以广东揭阳的玉器生产专业村阳美村为例,从文化经济地理学视角解读本土产业发展中地方性的嵌入与重构。研究发现:本土产业在地方性多方要素的驱动与支撑下产生,在多重尺度政治经济过程作用与地方主体的响应下发展。地方性是本土产业产生并建立对外功能联系的初始条件,也是主体响应结构变动所做战略选择和地方营销的依托。在地方性嵌入产业发展的同时,生产、生活和宗教等地方活动被强化了与玉器生产相关的功能和意义,民居、街巷、宗祠等空间形制因传统功能被挤压而出现重塑。地方活动与景观的变化并未弱化地方意义,村民的地方依赖和依恋因本土产业提供了更好的发展机会与荣誉感而增强。

本文引用格式

杨槿 , 徐辰 , 朱竑 . 本土产业发展视角下的乡村地方性重构——基于阳美玉器产业的文化经济地理分析[J]. 地理科学, 2020 , 40(3) : 374 -382 . DOI: 10.13249/j.cnki.sgs.2020.03.005

Abstract

From the perspective of cultural economic geography, industry development and the transformation of place are interacted. As for local industry, its development is rooted in local social and cultural system. Meanwhile, it is connected to regional or global production networks. The interaction between place and structure plays a key role in local industry development, and it provides a proper approach to discuss the transformation of place from the perspective of cultural economic geography.

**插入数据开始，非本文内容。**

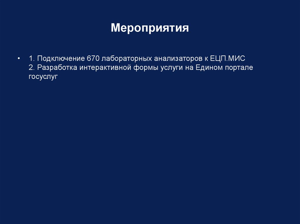 Мероприятия1. Подключение 670 лабораторных анализаторов к ЕЦП.МИС
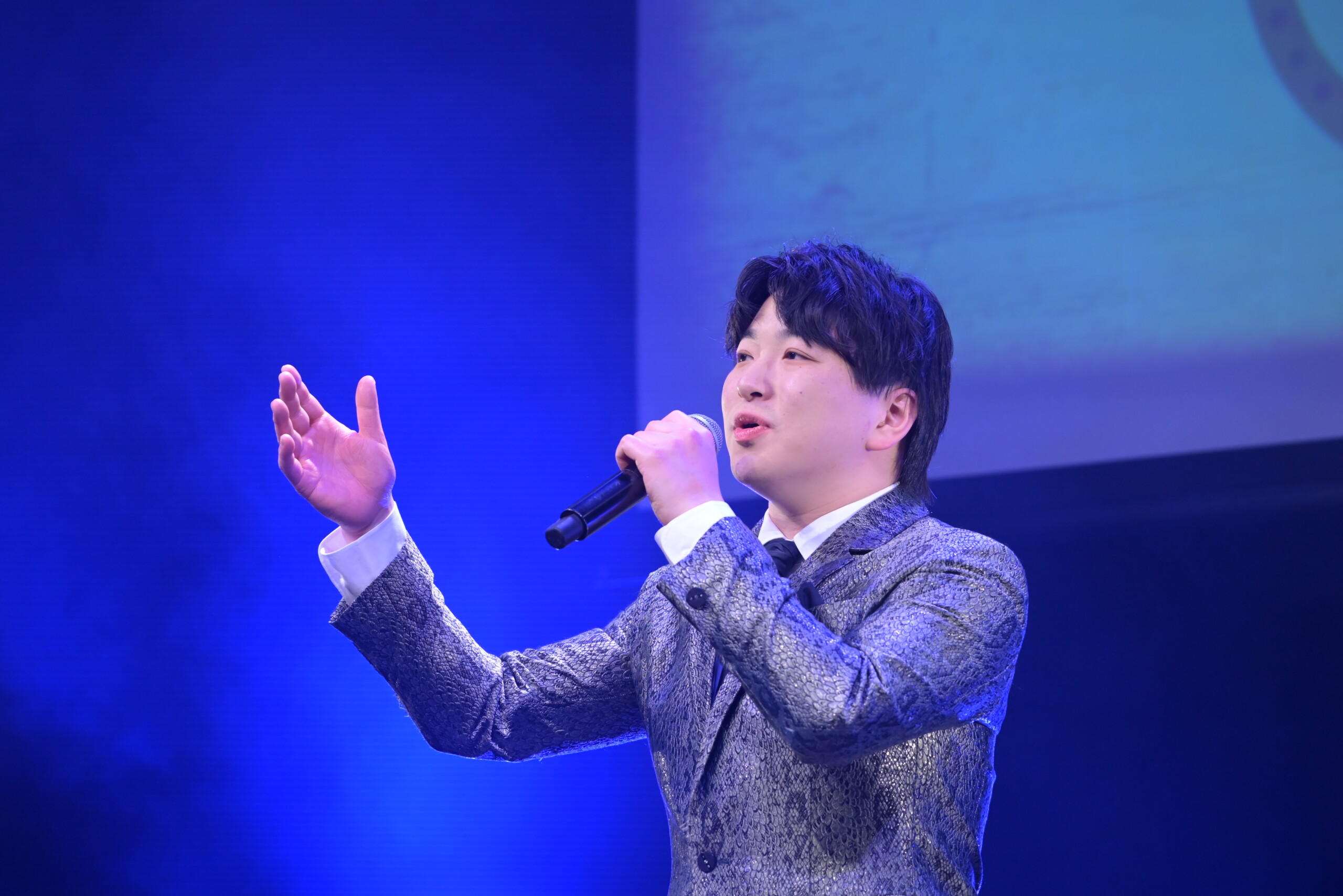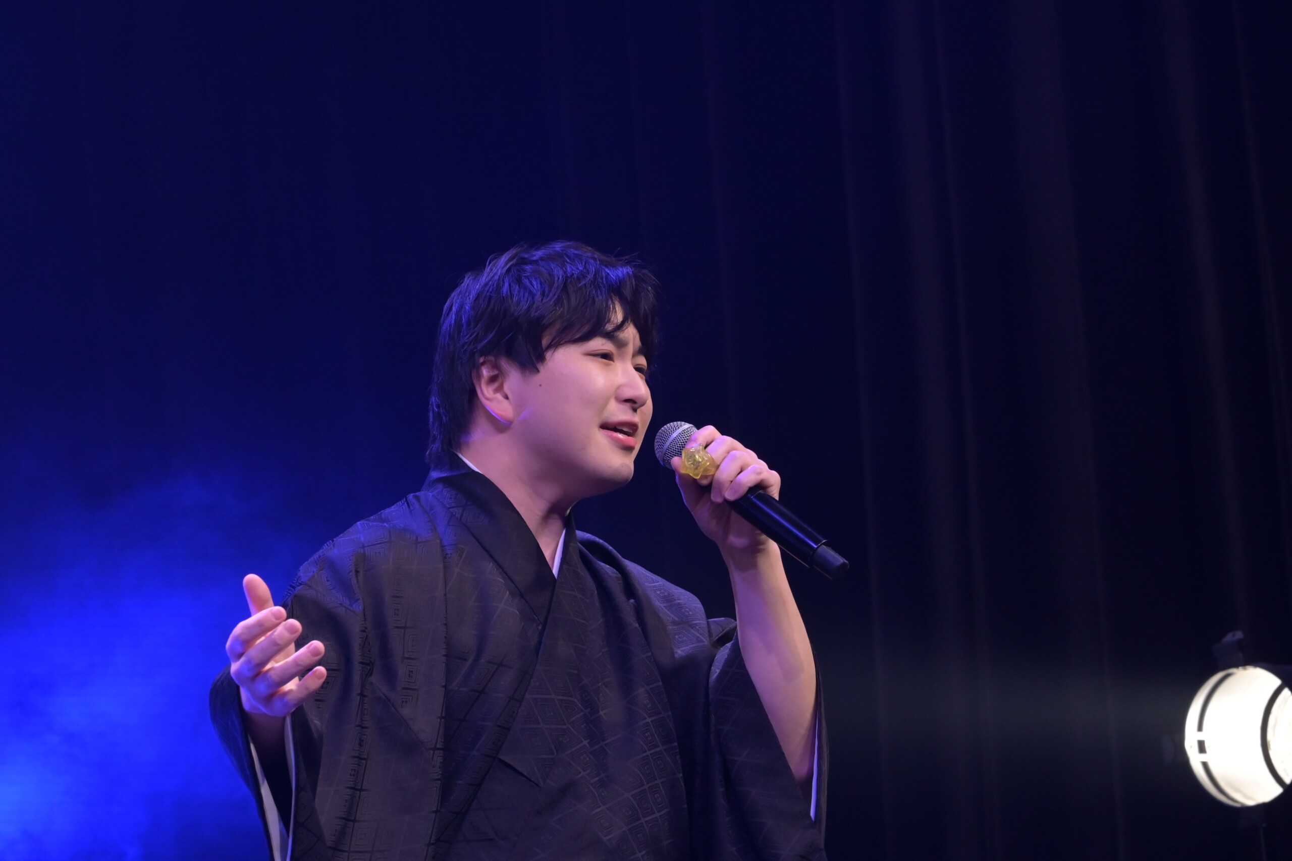 トップバッターは、昨年5月にデビューしたての須賀亮雄。デビュー前から応援してきた熱烈なファンが多く駆けつけ、デビュー曲「ふるさと春秋」を歌う須賀を見守った。
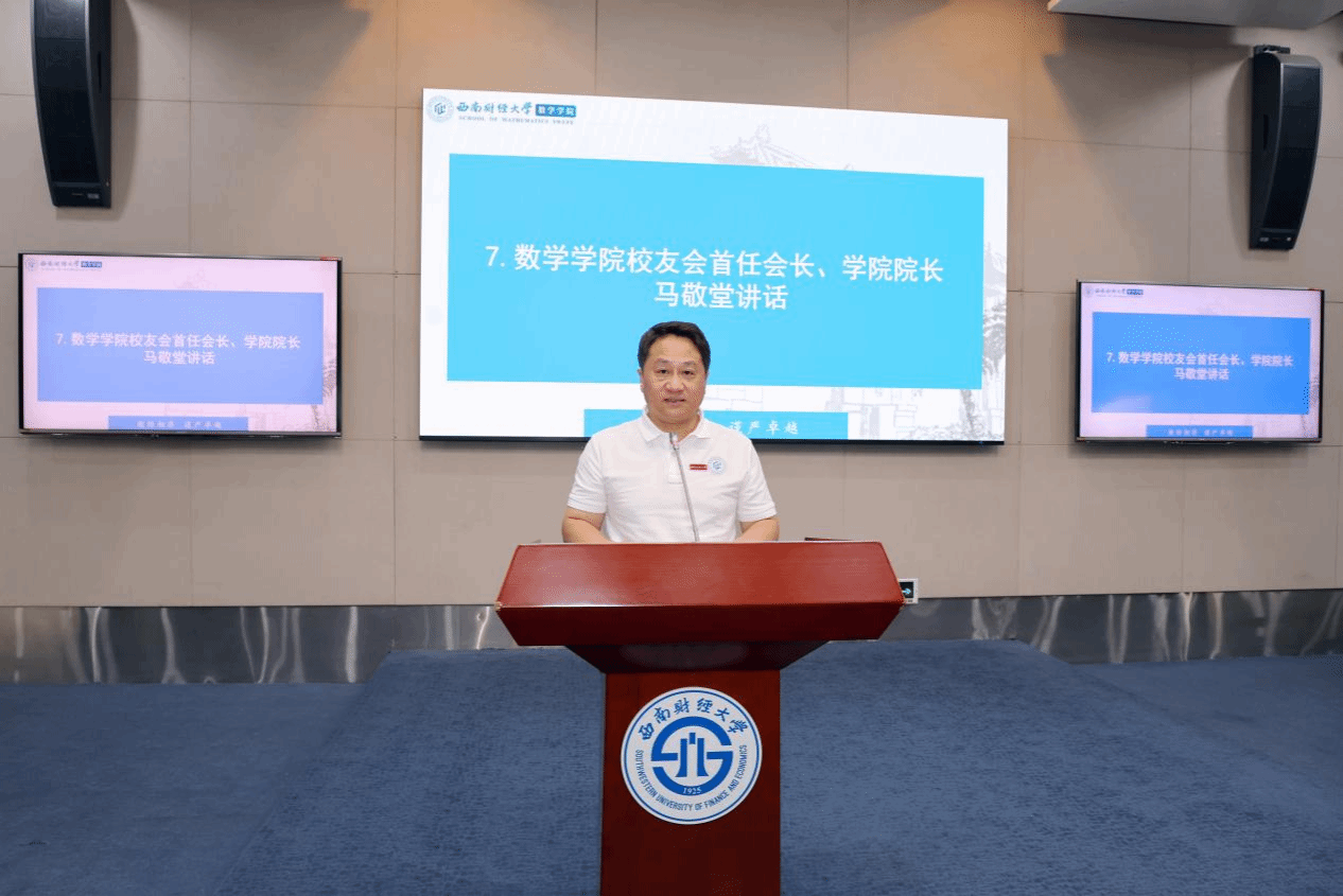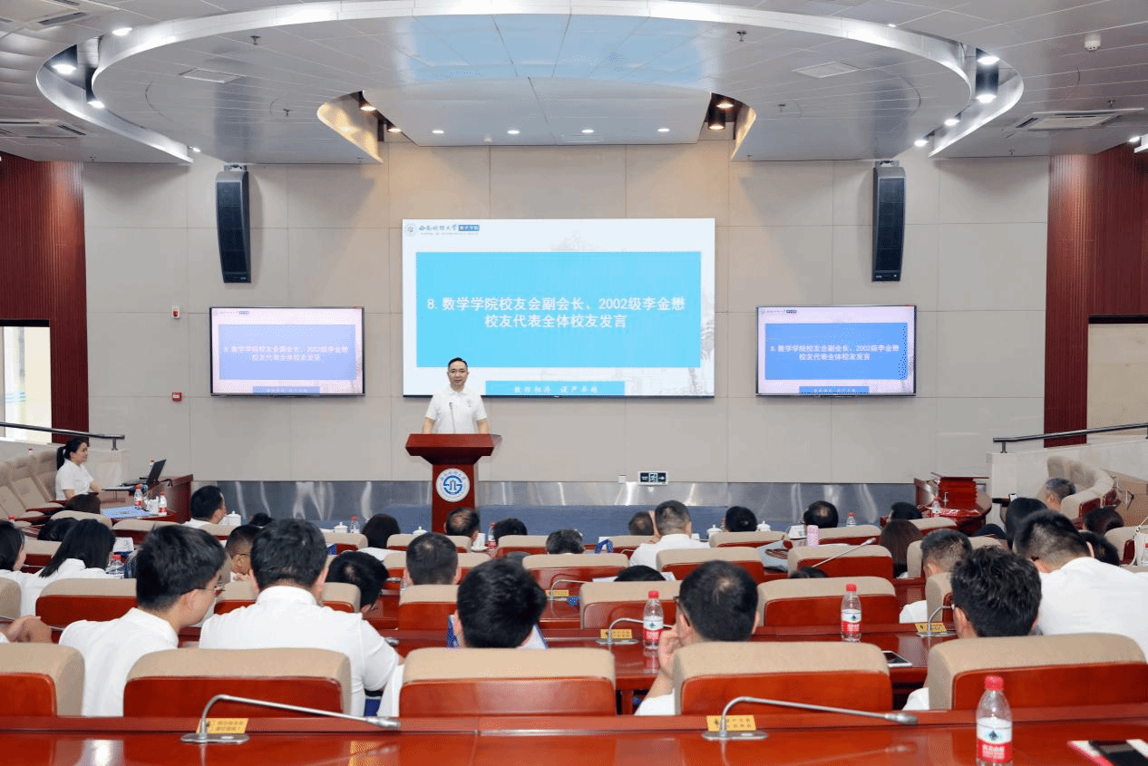 新葡的京集团8814vip校友会副会长、2002级校友李金懋代表全体校友发言。他衷心感谢学院组织倡导成立校友会,在母校即将百年华诞之际让数学学子找到了家。他动情地回忆起美好的校园生活,怀念曾经的青春时光、曾经的同学友谊、曾经的师生之情。他讲到,在西财的学习成长经历是人生中最宝贵的财富,是西财培养了大家,造就了大家,无论身在何处,在何种岗位发光发热,校友们都会秉持“严谨、勤俭、求实、开拓”的校训,践行“经世济民、孜孜以求”的西财精神,为学院以及学校发展增光添彩。他倡议校友们明年再次聚首校园,共庆母校百年华诞!

Taking a village specialized in jadeware processing and trade, the Yangmei Village in Jieyang, Guangdong as an example, using the qualitative research methods such as non-participating observation and in-depth interviews, this article analyzes the interaction between the development of local industry and the reconstruction of place, especially how place is embedded in and reconstructed by the development of local industry. Based on a research framework which focuses on the interaction among place, local actions and structure, the study finds that, local jadeware production has generated with the drive and help of different dimensions of local characteristics such as location and historic culture and grown with the changes of multi-scale political and economic patterns and the response of the local actors. In this process, placeness is the initial condition for local industry to come into being and establish external functional contact, and it is also the basis for the strategic choice and local marketing made by local subjects. But meanwhile, local practices such as production behavior of villagers, local social interaction and religious activities have been given the function and significance related to jadeware production. Changes in local activity have been reflected in the reconstruction of rural landscape such as the shape and structure of living space and traditional public space. This has also put impacts on the perception and identity of local villagers. The development of jadeware industry has provided local inhabitants with far more and better employment opportunities than ever before. Local villagers are satisfied with and proud of being in this place, which promotes their place dependence and attachment.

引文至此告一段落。